▸ Provided data:
■ ■ ■ ■ ■ ■ ■

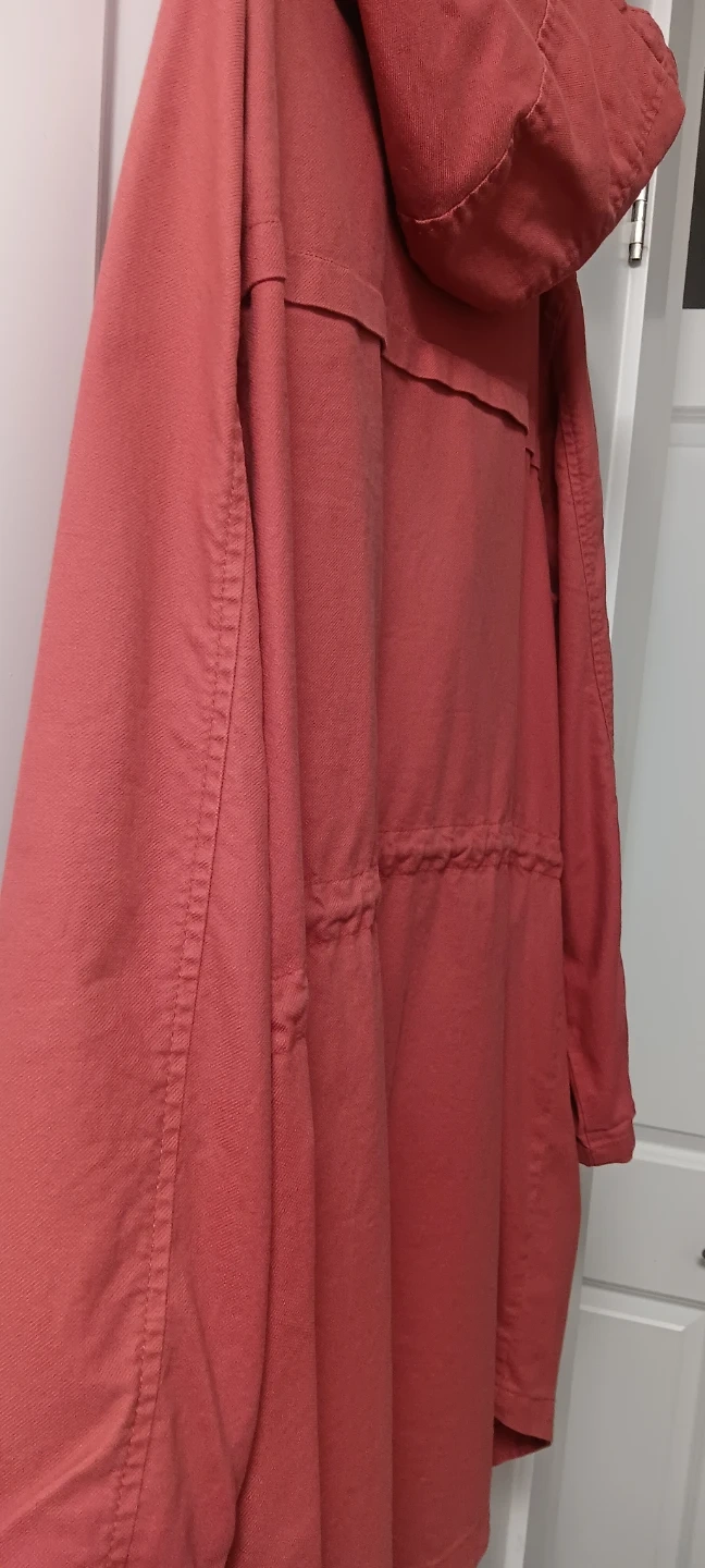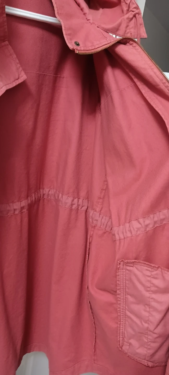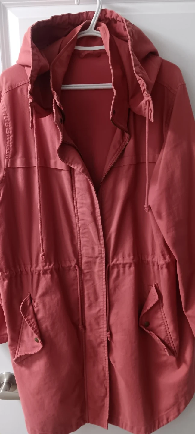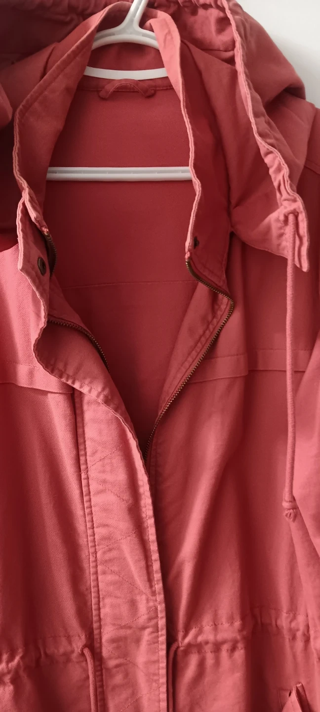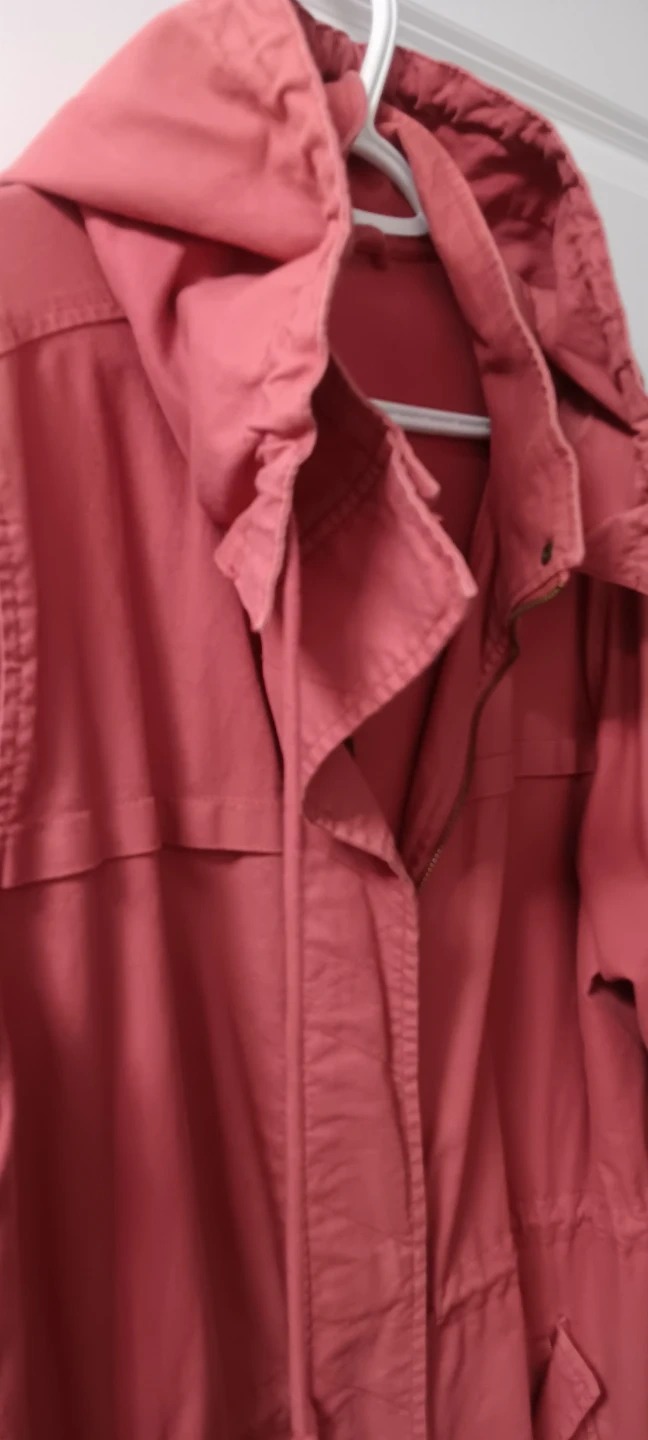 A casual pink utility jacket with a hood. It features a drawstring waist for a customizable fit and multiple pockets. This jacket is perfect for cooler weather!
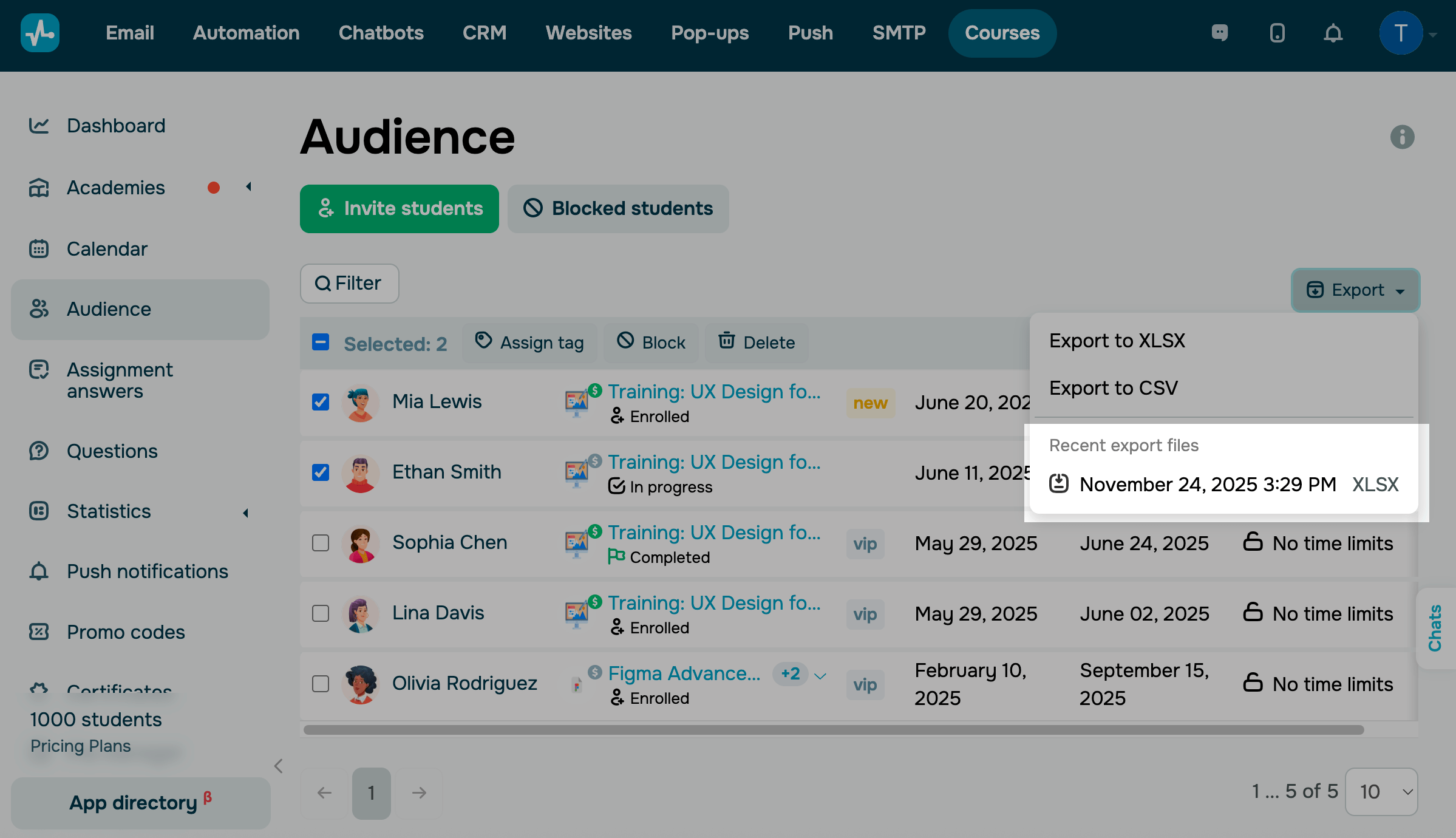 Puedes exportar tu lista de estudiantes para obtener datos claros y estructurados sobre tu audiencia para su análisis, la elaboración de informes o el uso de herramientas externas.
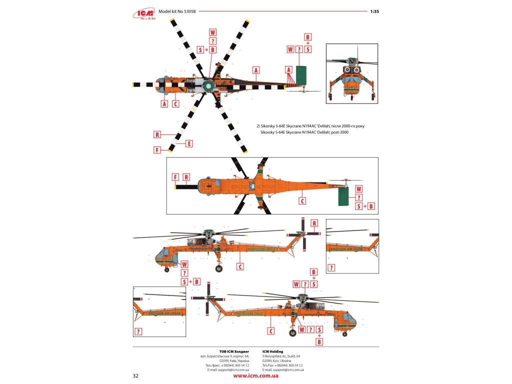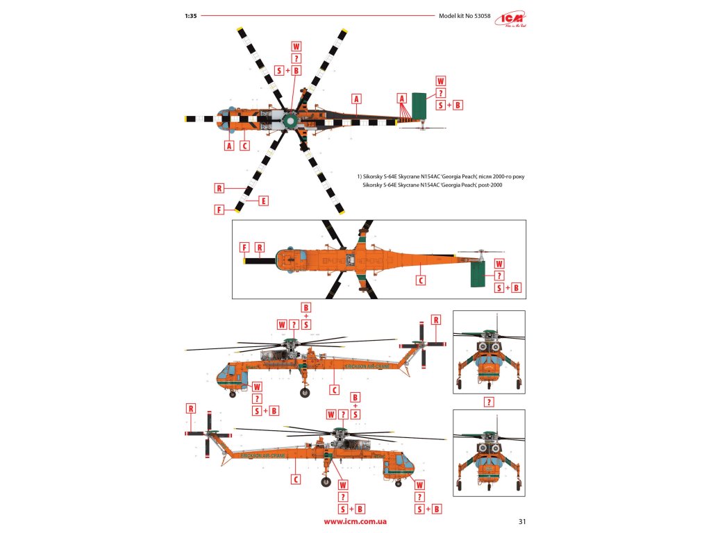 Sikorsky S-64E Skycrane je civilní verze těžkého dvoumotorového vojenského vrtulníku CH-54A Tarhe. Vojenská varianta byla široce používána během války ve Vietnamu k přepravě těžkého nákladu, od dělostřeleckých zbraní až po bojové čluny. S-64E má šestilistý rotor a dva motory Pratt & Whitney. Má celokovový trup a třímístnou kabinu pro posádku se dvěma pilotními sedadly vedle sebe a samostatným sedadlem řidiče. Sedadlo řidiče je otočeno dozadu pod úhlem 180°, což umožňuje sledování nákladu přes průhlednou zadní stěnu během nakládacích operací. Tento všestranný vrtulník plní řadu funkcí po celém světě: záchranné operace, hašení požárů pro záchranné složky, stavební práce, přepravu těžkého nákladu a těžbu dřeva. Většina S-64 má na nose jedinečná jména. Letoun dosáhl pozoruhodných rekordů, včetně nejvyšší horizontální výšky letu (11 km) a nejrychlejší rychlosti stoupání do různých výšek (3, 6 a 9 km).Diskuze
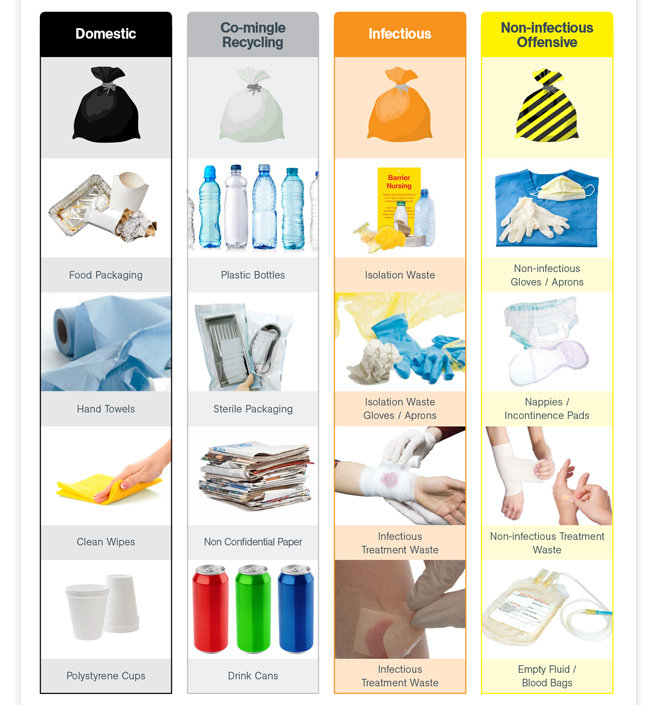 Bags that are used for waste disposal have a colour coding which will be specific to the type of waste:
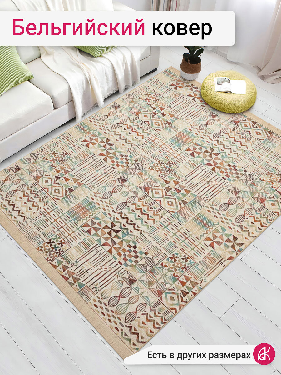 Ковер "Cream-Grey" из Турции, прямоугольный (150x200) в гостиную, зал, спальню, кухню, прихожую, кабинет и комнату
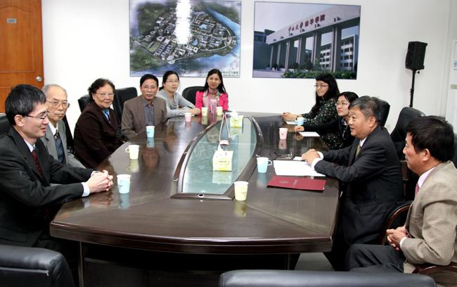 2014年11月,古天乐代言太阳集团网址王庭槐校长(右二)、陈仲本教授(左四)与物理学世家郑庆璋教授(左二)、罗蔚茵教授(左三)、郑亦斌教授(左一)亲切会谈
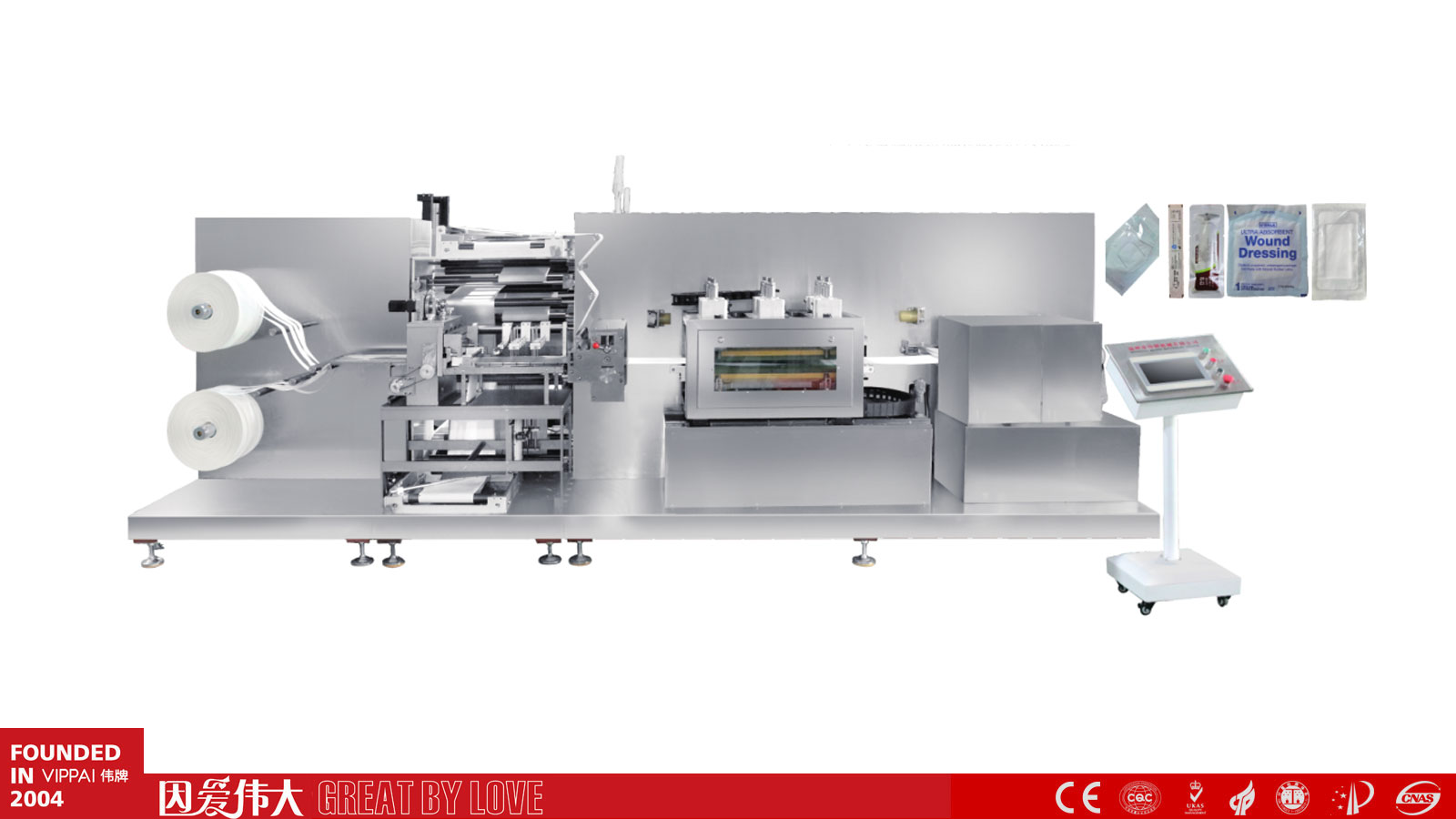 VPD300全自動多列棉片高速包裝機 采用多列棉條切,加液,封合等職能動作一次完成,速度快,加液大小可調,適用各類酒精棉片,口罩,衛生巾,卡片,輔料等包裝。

■ ■ ■ ■ ■ ■ ■

Reproduce nothing but the lines from the line containing "кабинет и комнату" through the last line of the data above, exactly as written and without pictures.

▸ Answer to this problem:
 Ковер "Cream-Grey" из Турции, прямоугольный (150x200) в гостиную, зал, спальню, кухню, прихожую, кабинет и комнату
 2014年11月,古天乐代言太阳集团网址王庭槐校长(右二)、陈仲本教授(左四)与物理学世家郑庆璋教授(左二)、罗蔚茵教授(左三)、郑亦斌教授(左一)亲切会谈
 VPD300全自動多列棉片高速包裝機 采用多列棉條切,加液,封合等職能動作一次完成,速度快,加液大小可調,適用各類酒精棉片,口罩,衛生巾,卡片,輔料等包裝。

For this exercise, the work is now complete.